The Reaper was surprised to encounter a Shadow Item so powerful that it could work so effectively even in the hands of an amateur. He'd dealt with Shadow Items before. They were charms, trinkets, and even weapons, forged with inherent magical ability by ancient cultures. Designed to tap into and amplify a form of fate-bending spiritual energy that exists in some quantity or another in the soul of every person, they allowed their bearers to cast spells. Some, like Reaper's amber-colored charm, even bestowed more specific and intuitive abilities on those who wielded them. Suddenly Reaper came to startling realization. A man who, like Martin, had lived such a dangerous second life without coming to any harm, must have quite a large reserve of this magical energy. In his hand any Shadow Item would be a dangerous implement of destruction, and Reaper could feel that this Item was quite powerful in its own right as well.

Lost in thought Reaper didn't react in time when Martin, high on his new-found abilities, lashed out. He was inexperienced and unfocussed, but he had raw power on his side. Soon Reaper found himself expelling dense streams of black smoke from beneath his cloak, pushing back against a wave of red light from the Chalice's gems. He pushed against his target's magic with the force of his will, edging ever closer to his full strength, looking for a way in, to reconnect with Martin's mind.

Do not hold back, said the Whisper again in the back of the Reaper's mind. Rip his spell apart, even if it means ripping him apart in the process.

Straining and desperate, Reaper almost listened. The flashing of amber light from the charm in his clasp grew even more intense, and the smoke from beneath his cloak began to overwhelm the other man. Any moment his spell would break, and there would be nothing left of him at all. Then Reaper remembered again, a voice and a face of someone important to him many years ago, and of ideals shared, and he pulled back. In that moment the Reaper's spell was broken. He might have died himself, but at the last moment he dissolved into smoke again, and his form was only blasted apart temporarily. His vision was overloaded, and his head began to spin. Reaper wasn't sure how long it took him to recover, but in that time, Martin escaped. There was no way to know where. Defeated for the first time since he had began fighting this fight, the Reaper had no choice but to give up the chase. He fell to his knees again, allowing himself to feel the full impact of his injuries. He remained that way for several long minutes before standing tall, dissolving into smoke, and curling upward into the air, leaving the site of his failed confrontation behind.

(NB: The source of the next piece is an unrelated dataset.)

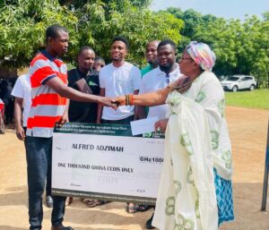 Mama Sename III, the paramount queen mother of Mafi Traditional Council, presented the donation on behalf of the company. She encouraged the awardee, Mr. Alfred Adzimah to continue to work hard.
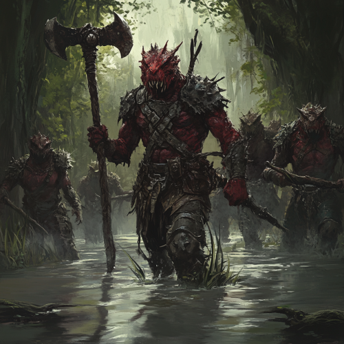 dnd art. tall humanoid group with a red skin standing in the middle of the swamp. they wear heavy armor. one humanoid looking like a lizard jump out from the water. He holds an axe in his hands. grim atmoosphere

Several streets down, Martin Smith ducked into another alley between two dilapidated buildings and turned a corner, pressing his back against a wall. He stopped and took the opportunity to look back the way he'd come to make sure he wasn't being followed. He let out a relieved laugh as he realized that he'd managed to escape the inescapable. He kissed the Chalice still in his hand and turned toward the exit of the alleyway, ready to step out onto the street, blend in with the late night crowd, and make his way to the airport where he would catch a one-way flight to his new life. Instead he found himself face-to-face with a figure in the darkness. Even shrouded, it was clear that this figure was significantly different from the Reaper. He was taller by several inches, his head framed by the silhouette of long, ragged hair, and in his left hand he carried something that glinted like metal. Martin moved to lift his Chalice to defend himself again with its magic, but there was a flash of movement at the mysterious figure's left side, and suddenly Martin's hand simply wasn't there anymore.

"You have something that I need," the figure said in a raspy, maniacal voice. He stepped forward, the object in his left hand raised. In the moments that followed, Martin Smith's screams could be heard echoing several streets away, until they suddenly died. In the ever-present din or city noise, no one took much notice, and the Reaper was already too far away to hear.